Matt Yglesias has a very insightful post on waste in health care.

BTW he is a great blogger, very much worth keeping an eye on his blog.


He writes...


There’s a real lack of understanding in this country of the extent of the problem of medical waste and what I guess you’d have to call doctors’ incompetence. Uwe Reinhardt has a great post laying much of this out including the striking fact that “on average, American patients receive the recommended treatment for their condition only slightly more than 50 percent of the time.”

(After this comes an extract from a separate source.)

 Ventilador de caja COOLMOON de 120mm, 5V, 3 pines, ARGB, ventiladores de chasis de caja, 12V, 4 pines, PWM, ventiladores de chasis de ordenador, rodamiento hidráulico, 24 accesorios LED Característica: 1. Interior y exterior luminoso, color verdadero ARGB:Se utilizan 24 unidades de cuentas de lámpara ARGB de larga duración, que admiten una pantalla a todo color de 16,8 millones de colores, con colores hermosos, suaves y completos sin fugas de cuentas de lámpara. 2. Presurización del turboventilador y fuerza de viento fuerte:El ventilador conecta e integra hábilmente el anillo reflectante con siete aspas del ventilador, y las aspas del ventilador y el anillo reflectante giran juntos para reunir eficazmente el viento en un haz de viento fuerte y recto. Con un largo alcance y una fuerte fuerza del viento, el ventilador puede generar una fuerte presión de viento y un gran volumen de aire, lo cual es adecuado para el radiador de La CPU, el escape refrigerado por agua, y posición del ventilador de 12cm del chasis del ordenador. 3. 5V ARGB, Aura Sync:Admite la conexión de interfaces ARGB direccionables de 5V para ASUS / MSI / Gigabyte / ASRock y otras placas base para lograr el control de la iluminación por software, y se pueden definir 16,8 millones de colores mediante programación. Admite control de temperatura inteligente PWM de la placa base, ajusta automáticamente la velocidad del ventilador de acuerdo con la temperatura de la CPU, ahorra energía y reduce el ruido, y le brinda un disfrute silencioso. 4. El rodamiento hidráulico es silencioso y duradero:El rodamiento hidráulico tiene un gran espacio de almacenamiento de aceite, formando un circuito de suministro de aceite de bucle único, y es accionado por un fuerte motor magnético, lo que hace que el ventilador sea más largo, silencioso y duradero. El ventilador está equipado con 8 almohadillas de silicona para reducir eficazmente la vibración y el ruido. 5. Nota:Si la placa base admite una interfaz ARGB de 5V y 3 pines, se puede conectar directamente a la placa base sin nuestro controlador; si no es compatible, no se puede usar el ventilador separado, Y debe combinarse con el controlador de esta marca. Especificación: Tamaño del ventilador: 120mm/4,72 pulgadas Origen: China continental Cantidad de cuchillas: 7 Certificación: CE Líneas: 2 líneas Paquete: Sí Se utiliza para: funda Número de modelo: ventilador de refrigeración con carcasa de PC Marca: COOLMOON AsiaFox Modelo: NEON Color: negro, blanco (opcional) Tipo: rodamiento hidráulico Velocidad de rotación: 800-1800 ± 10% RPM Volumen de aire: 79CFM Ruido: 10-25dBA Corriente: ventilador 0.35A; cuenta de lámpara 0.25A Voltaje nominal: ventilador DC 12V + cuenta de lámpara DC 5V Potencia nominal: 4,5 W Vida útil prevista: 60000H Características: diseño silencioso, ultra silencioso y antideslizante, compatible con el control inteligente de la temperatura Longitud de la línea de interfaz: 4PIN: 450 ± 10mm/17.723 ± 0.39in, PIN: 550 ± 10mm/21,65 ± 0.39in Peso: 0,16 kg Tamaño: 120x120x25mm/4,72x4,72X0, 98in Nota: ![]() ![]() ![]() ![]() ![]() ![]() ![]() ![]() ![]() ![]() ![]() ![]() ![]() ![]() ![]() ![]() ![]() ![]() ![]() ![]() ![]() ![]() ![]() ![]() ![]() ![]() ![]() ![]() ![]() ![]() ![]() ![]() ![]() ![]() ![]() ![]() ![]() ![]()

The structure of Medicare allows us to do pretty solid apples-to-apples comparisons of what different hospitals are spending on treatment, and the evidence is clear that the hospital-to-hospital variance is costs is large, and in quality is also pretty big, but the differences seem uncorrelated:

According to the Dartmouth researchers, if physicians with relatively higher cost preferred practice styles could be induced to embrace the preferred practice styles of their equally effective but lower-cost colleagues, overall per-capita Medicare spending probably could be reduced by at least 30 percent without harming patients, and similarly for commercially insured younger Americans. How can a nation that routinely wails over its high cost of health care ignore such important research?

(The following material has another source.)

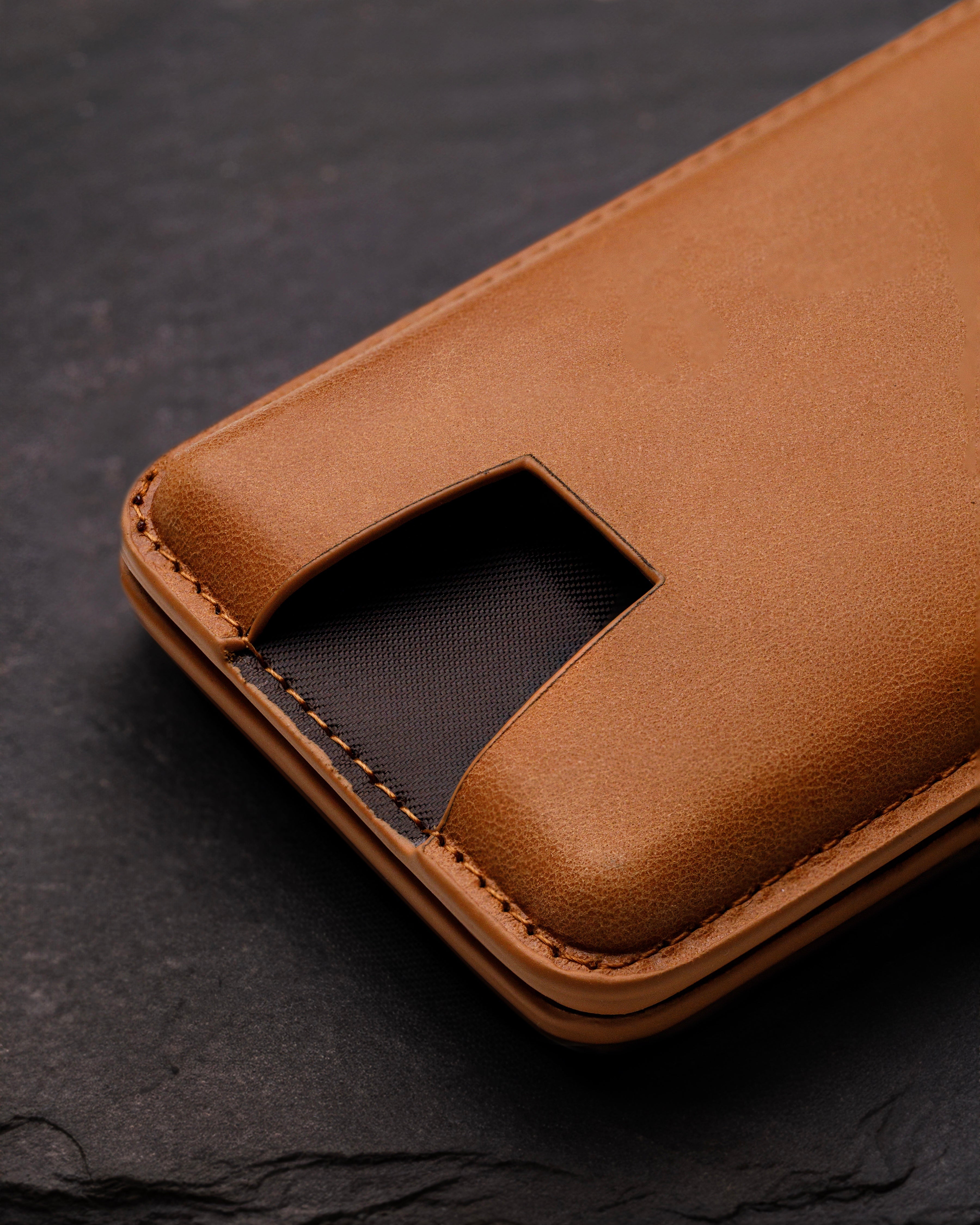 Quick access pocket aan de voorkant voor uw meest gebruikte kaarten. Met een dikte van slechts 1,4 cm biedt de wallet voldoende ruimte zonder uw telefoon volumineus te maken.

I’ve been watching a lot of House re-runs lately, and they’re a striking encapsulation of part of what’s wrong with the way Americans think about medicine. Dr House is unfailingly portrayed as a bad person but a fantastic doctor and the medical ideal is seen to be that of the brilliant explorer-hero who does what it takes to solve the most difficult cases. An alternative model would see the doctor as a kind of custodian of public health. A general practitioner who develops an effective method of nudging people toward quitting smoking or exercising more during his brief post-checkup chats would save many more lives at dramatically lower cost than would all of Dr House’s heroics.

And of course most doctors in the real world aren’t like genius television characters — unleash them from concerns about cost-efficacy and imbue them with a heroic self-conception and they don’t even give you costly-but-effective medicine. Almost half the time they don’t even do the right treatment.